[PROBLEM REQUIREMENTS]
Every line below is to be given again precisely; images are to be left out.
--- DATA SHOWN Enclosed Below ---
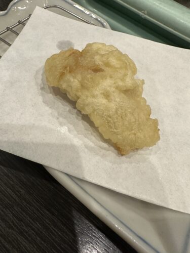新玉ねぎの季節ですがからっと玉ねぎが上がっていてこちらも美味しい~!小さいころ玉ねぎの天ぷらが大好物でした!ウスターかけてごはんの上にのっけて食べていたのを思い出します。
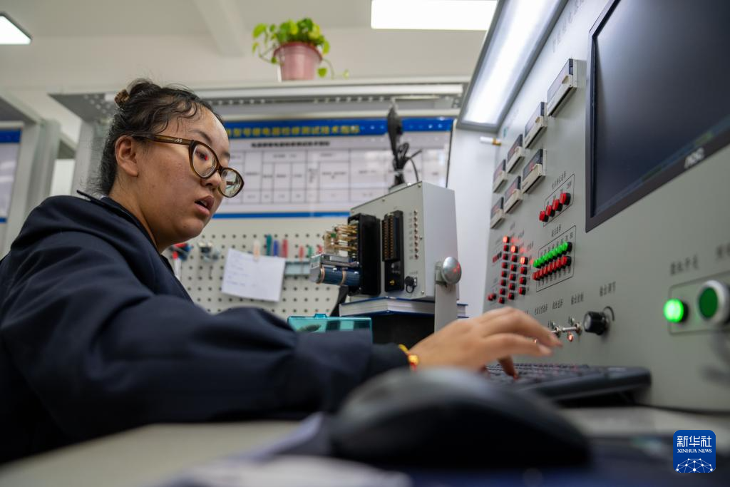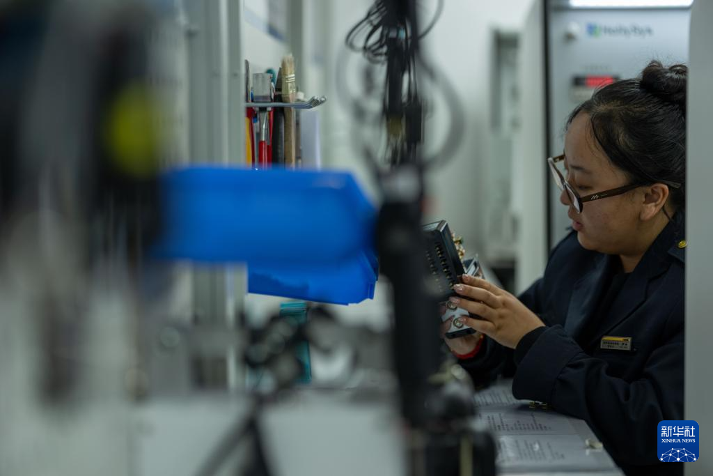 1月6日,拉萨基础设施段电务专修车间继电器检修工区的信号工德吉卓玛在检测继电器。新华社记者 旦增尼玛曲珠 摄
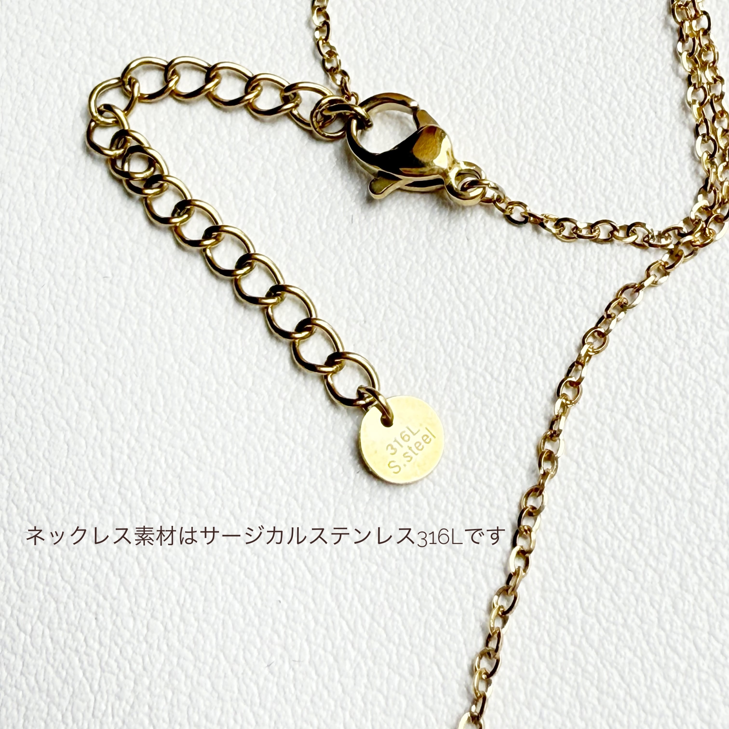 チェーン&カニカン合計38cm(+パール1cm強)+エンダーチェーン5cm+直径5mm丸型メタル(316L S.steel刻印付き)
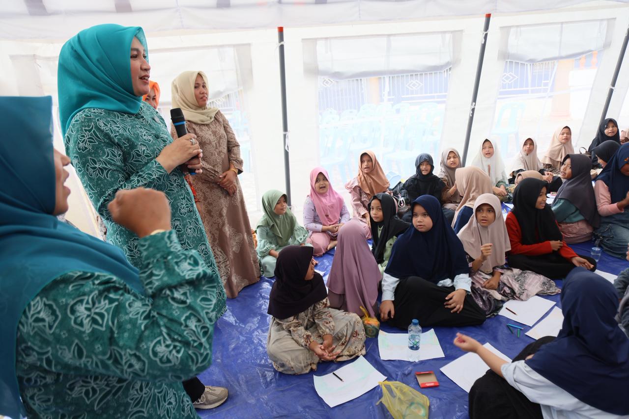 Pada kesempatan tersebut, Kak Na juga memberi motivasi dan dorongan semangat kepada ratusan siswa di SD 6 Jamboe Aye, yang dengan tekun mengikuti proses belajar mengajar di tenda Sekolah Darurat
--- End of Enclosed DATA SHOWN ---
[RESULT]
新玉ねぎの季節ですがからっと玉ねぎが上がっていてこちらも美味しい~!小さいころ玉ねぎの天ぷらが大好物でした!ウスターかけてごはんの上にのっけて食べていたのを思い出します。
 1月6日,拉萨基础设施段电务专修车间继电器检修工区的信号工德吉卓玛在检测继电器。新华社记者 旦增尼玛曲珠 摄
 チェーン&カニカン合計38cm(+パール1cm強)+エンダーチェーン5cm+直径5mm丸型メタル(316L S.steel刻印付き)
 Pada kesempatan tersebut, Kak Na juga memberi motivasi dan dorongan semangat kepada ratusan siswa di SD 6 Jamboe Aye, yang dengan tekun mengikuti proses belajar mengajar di tenda Sekolah Darurat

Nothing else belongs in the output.